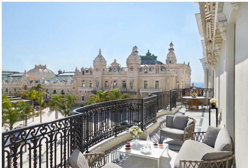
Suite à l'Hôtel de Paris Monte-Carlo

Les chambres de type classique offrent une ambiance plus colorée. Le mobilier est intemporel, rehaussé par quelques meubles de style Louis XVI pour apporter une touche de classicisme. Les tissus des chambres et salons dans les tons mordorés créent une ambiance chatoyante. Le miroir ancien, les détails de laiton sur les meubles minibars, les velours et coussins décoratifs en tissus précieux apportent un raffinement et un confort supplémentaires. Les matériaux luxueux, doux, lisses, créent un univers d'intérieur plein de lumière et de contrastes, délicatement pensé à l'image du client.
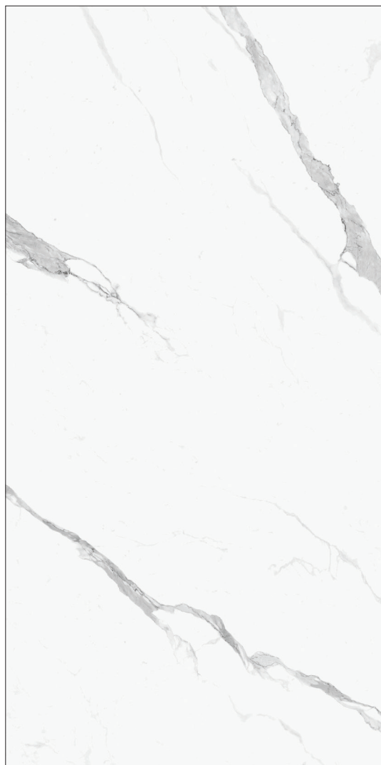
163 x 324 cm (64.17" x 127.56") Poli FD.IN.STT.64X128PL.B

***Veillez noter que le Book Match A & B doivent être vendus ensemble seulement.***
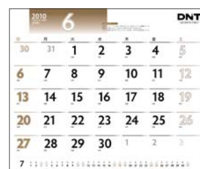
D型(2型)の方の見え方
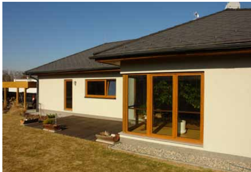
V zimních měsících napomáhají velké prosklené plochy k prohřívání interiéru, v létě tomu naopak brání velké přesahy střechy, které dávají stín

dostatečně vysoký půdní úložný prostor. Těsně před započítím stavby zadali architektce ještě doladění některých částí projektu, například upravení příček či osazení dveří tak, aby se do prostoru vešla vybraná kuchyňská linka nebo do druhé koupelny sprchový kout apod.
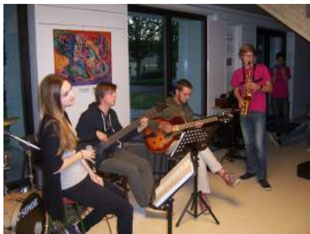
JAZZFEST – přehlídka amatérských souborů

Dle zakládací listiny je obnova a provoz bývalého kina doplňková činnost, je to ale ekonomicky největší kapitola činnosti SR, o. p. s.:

-*-

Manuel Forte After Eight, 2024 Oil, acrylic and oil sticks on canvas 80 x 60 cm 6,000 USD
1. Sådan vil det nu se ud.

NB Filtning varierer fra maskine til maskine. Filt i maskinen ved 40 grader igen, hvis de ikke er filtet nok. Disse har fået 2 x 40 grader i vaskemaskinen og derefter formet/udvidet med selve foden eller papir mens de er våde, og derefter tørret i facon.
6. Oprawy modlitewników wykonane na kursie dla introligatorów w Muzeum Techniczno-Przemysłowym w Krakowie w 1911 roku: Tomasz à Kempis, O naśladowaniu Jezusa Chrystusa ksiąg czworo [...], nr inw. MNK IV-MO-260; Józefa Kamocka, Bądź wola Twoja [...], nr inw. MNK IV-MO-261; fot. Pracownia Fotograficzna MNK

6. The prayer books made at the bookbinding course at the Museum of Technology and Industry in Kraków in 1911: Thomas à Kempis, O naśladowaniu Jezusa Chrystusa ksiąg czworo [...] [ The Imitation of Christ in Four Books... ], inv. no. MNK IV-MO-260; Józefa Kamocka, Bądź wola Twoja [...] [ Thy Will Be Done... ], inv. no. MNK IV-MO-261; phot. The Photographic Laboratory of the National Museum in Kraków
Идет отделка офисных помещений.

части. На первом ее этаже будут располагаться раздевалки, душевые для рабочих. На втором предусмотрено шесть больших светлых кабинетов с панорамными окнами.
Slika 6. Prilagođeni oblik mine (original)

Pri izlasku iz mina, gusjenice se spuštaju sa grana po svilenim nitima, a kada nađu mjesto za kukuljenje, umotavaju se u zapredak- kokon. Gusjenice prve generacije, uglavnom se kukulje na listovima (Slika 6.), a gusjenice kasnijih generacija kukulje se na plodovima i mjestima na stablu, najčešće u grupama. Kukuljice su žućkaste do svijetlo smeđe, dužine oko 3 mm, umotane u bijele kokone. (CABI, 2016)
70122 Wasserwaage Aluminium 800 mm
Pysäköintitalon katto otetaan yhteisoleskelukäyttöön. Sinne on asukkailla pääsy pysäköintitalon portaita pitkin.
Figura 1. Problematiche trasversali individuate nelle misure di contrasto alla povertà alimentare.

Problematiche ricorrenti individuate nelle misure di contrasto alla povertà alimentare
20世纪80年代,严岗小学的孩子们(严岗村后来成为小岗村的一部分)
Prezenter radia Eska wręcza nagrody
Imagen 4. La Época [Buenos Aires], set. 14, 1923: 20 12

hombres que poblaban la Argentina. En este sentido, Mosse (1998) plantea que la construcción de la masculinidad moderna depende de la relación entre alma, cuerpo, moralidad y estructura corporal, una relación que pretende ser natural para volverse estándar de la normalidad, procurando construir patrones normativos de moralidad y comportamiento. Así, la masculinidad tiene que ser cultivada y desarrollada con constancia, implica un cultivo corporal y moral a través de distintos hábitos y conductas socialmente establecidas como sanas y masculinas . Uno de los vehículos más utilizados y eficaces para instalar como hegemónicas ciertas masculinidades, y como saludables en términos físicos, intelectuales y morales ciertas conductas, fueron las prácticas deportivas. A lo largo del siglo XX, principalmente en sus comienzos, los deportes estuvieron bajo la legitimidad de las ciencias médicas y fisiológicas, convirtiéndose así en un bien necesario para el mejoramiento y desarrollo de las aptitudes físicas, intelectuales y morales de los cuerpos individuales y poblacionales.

-*-

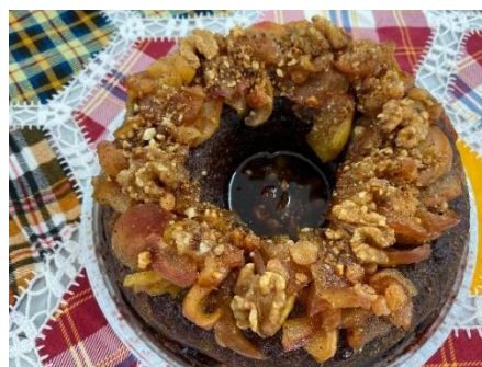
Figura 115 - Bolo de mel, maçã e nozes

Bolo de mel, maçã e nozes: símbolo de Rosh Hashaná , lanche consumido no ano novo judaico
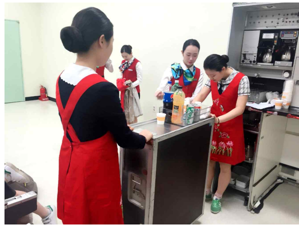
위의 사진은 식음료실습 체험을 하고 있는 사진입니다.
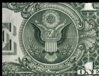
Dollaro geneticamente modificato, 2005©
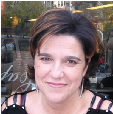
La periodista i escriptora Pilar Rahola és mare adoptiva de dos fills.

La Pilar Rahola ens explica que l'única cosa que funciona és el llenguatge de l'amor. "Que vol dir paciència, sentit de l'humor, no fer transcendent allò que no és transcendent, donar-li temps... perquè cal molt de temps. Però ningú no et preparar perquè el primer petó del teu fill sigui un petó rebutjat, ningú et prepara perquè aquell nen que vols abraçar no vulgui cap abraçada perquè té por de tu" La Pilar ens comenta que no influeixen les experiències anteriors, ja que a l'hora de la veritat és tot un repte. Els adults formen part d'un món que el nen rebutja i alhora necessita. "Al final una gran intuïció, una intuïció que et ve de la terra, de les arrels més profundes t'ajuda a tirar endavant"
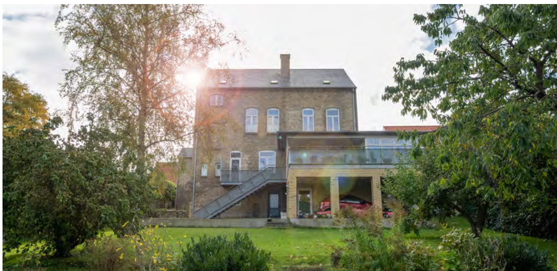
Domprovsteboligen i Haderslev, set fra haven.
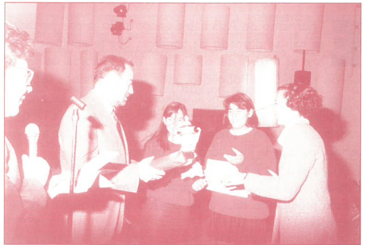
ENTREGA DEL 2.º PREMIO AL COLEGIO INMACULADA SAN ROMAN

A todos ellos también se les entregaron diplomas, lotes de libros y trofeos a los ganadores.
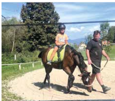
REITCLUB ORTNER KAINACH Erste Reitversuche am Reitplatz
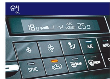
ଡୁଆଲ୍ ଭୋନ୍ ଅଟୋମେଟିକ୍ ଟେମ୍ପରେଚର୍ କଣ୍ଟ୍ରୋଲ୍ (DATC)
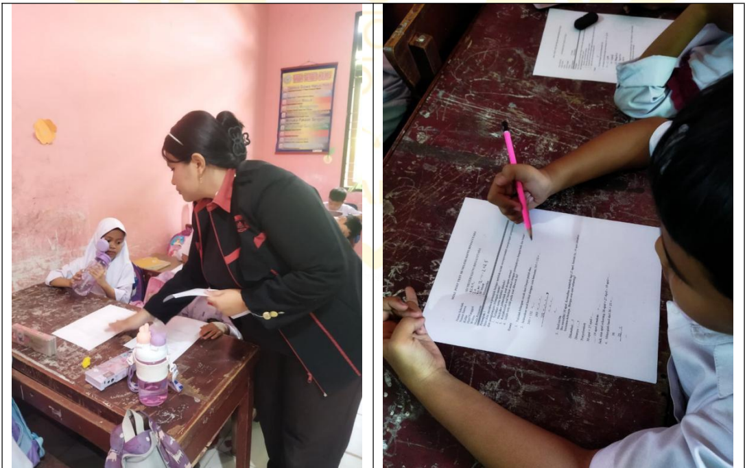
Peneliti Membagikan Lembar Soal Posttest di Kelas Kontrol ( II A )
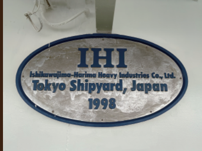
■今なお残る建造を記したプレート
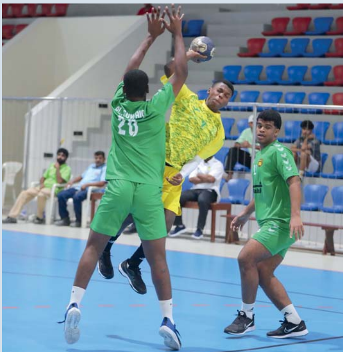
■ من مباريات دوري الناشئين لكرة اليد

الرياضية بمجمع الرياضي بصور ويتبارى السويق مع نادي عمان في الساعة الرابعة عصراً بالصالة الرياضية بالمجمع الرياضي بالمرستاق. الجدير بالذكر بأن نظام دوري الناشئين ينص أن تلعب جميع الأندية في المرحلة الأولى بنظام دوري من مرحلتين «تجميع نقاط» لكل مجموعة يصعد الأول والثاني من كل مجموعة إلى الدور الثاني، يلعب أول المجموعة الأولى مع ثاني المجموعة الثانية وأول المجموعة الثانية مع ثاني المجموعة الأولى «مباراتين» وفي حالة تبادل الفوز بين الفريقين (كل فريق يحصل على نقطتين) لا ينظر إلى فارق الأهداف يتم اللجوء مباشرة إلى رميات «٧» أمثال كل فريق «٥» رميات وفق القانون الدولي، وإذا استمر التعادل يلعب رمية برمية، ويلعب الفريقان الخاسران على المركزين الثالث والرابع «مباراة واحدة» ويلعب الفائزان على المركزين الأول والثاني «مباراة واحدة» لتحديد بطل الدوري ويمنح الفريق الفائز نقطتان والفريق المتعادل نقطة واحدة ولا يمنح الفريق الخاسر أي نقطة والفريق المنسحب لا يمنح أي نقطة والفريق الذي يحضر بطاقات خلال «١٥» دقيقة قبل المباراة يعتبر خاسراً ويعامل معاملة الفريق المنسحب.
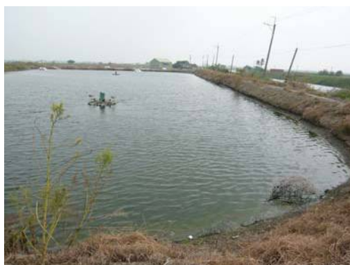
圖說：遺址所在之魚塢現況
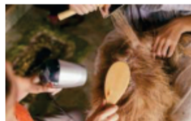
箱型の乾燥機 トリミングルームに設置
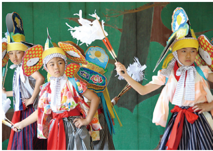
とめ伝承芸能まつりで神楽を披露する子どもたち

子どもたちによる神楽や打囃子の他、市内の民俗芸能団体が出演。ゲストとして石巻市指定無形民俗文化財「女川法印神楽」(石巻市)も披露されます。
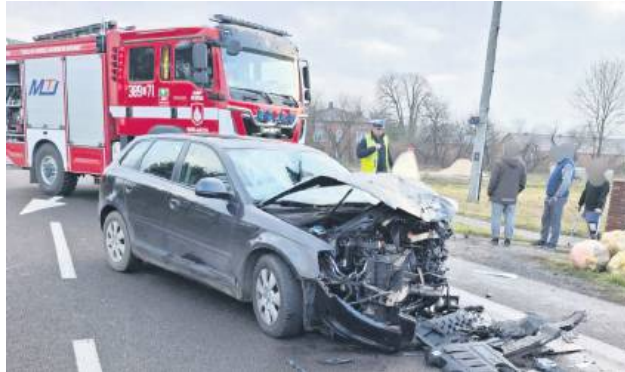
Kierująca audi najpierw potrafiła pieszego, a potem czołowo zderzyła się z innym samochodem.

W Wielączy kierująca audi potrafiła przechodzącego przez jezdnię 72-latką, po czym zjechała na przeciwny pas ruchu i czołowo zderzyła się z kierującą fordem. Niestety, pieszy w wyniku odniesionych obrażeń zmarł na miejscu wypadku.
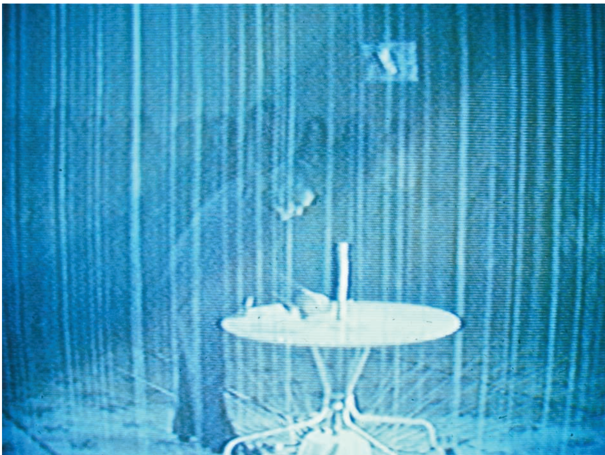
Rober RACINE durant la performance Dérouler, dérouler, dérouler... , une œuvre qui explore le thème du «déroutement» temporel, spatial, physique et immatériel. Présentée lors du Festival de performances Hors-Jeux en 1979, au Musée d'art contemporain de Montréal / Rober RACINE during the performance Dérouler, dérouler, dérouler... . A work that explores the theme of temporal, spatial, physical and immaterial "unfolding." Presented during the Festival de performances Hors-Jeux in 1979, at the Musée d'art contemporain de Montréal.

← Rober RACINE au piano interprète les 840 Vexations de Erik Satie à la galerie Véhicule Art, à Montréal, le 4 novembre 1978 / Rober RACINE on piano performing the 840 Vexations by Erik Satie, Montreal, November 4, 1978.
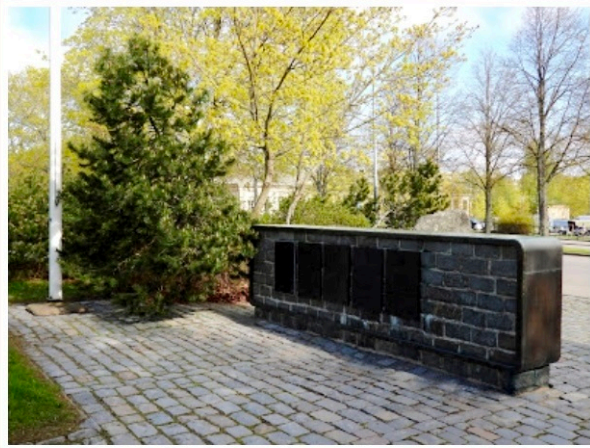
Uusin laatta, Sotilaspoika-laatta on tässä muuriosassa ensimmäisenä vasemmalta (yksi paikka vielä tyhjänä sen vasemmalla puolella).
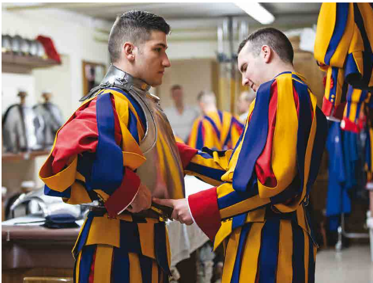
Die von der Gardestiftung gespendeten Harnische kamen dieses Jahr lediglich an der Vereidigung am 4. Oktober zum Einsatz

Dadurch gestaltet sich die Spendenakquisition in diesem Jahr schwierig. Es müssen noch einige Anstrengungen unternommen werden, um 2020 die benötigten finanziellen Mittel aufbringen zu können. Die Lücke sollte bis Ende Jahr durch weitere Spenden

-*-

- [What the task requires]: The response must hold only the lines above from the line with "Идет отделка офисных помещений." through the line with "70122 Wasserwaage Aluminium 800 mm", each copied exactly, both ends kept.

- [Final answer]:
Идет отделка офисных помещений.

части. На первом ее этаже будут располагаться раздевалки, душевые для рабочих. На втором предусмотрено шесть больших светлых кабинетов с панорамными окнами.
Slika 6. Prilagođeni oblik mine (original)

Pri izlasku iz mina, gusjenice se spuštaju sa grana po svilenim nitima, a kada nađu mjesto za kukuljenje, umotavaju se u zapredak- kokon. Gusjenice prve generacije, uglavnom se kukulje na listovima (Slika 6.), a gusjenice kasnijih generacija kukulje se na plodovima i mjestima na stablu, najčešće u grupama. Kukuljice su žućkaste do svijetlo smeđe, dužine oko 3 mm, umotane u bijele kokone. (CABI, 2016)
70122 Wasserwaage Aluminium 800 mm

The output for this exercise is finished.